In here? http://mathewsinc.com/index.asp?pag...oFileCategoryID=1964&cboFileCategoryIDMain=-1


----------



## uscg4good (Jan 27, 2007)

Excellent! Thanks.


----------



## joaxe (Sep 7, 2006)

Archery Peeps,

Yeah...it'd be nice if Mathews re-scanned the manual and created another PDF file. It's fuzzy regardless of the "size" setting...still readable, though.

I'm going to ask them to re-scan it.

Joe


----------



## Welpracing (Mar 5, 2015)

Sorry to bring up a really old post but i am looking for a manual for the Switchback XT i just got. the link above doesn't work for me and i can't seem to find it on Mathews website like they say in google searches. can anyone point me in the direction to print off a manual for the Mathews Switchback XT?


----------



## Welpracing (Mar 5, 2015)

anyone know where I can find manuals for mathews bows?


----------



## edthearcher (Nov 2, 2002)

did you try a google search??? i did and got lots of results


----------



## Welpracing (Mar 5, 2015)

Yes i tried that and came up with dead results when i did it. all the links i clicked on did not exist any more. unless we are coming up with something different.


----------



## Welpracing (Mar 5, 2015)

share a link of one that you found that works for the switchback xt?


----------



## TN ARCHER (Jan 31, 2007)

You may not be able to find any info on-line at this point.
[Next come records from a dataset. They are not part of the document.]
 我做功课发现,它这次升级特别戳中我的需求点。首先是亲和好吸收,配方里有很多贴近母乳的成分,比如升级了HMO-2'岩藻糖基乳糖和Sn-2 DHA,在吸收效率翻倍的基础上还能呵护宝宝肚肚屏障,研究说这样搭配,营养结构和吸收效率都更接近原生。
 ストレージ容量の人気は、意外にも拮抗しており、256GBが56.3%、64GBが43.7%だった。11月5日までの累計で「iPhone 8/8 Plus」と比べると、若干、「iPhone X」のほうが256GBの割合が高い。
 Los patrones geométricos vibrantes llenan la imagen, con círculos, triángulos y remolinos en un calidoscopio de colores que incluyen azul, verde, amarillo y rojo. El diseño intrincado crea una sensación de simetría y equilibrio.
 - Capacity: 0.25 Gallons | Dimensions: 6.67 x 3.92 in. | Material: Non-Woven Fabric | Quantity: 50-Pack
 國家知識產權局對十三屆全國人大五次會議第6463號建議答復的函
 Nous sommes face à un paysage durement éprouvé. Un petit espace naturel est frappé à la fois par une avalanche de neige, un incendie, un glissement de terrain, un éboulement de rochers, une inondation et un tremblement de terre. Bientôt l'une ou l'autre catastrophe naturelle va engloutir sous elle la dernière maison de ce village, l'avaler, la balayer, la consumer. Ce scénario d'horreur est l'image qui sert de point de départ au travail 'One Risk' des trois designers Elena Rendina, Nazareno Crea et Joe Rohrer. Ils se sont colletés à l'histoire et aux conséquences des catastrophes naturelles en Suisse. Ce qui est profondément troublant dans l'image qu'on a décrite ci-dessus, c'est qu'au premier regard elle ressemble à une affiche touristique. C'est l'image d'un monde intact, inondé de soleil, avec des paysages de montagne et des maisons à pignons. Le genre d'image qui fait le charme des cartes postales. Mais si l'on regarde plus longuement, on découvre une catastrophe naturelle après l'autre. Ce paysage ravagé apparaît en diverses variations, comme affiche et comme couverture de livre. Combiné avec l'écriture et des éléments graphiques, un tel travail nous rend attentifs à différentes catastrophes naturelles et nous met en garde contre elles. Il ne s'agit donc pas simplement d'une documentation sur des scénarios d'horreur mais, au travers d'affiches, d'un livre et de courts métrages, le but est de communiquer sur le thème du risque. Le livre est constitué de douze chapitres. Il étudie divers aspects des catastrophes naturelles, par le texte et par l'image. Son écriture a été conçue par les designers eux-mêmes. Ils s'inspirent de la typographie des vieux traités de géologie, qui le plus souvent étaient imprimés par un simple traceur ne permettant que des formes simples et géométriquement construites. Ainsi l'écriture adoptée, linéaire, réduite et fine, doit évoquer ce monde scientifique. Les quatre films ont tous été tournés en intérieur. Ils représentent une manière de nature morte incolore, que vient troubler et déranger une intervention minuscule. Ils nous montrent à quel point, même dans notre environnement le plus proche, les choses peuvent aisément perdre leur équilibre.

What are you needing to know? There's a world of knowledge here on AT....


----------



## Welpracing (Mar 5, 2015)

big thing i was wanting to know is how many turns out I can go with the limb bolts. the bow is a sticker says 70/28 and with my limb bolts all the way tight it would peak at 63lbs with my old string and cable. (i like to loosen my limb bolts before pressing is why i wanted to know) I started changing the cable and string last night and it is a pretty straight forward bow with not much adjustment so i didn't need to know much more than the how much to turn out the limb bolts for pressing. Also, I am just a person that likes having the manual for everything I own so if i need to reference something then I have it.


----------



## TN ARCHER (Jan 31, 2007)

My memory is saying 5 turns. I don't know if that's the recommend turns before pressing or the Max turns.... been a while since I had an xt, damn good bow! 

But I'd bet your ata is off as well as Cam timing if you are 7# low of Max...

Keep posting your request in different forums. Somebody out there has a manual.


----------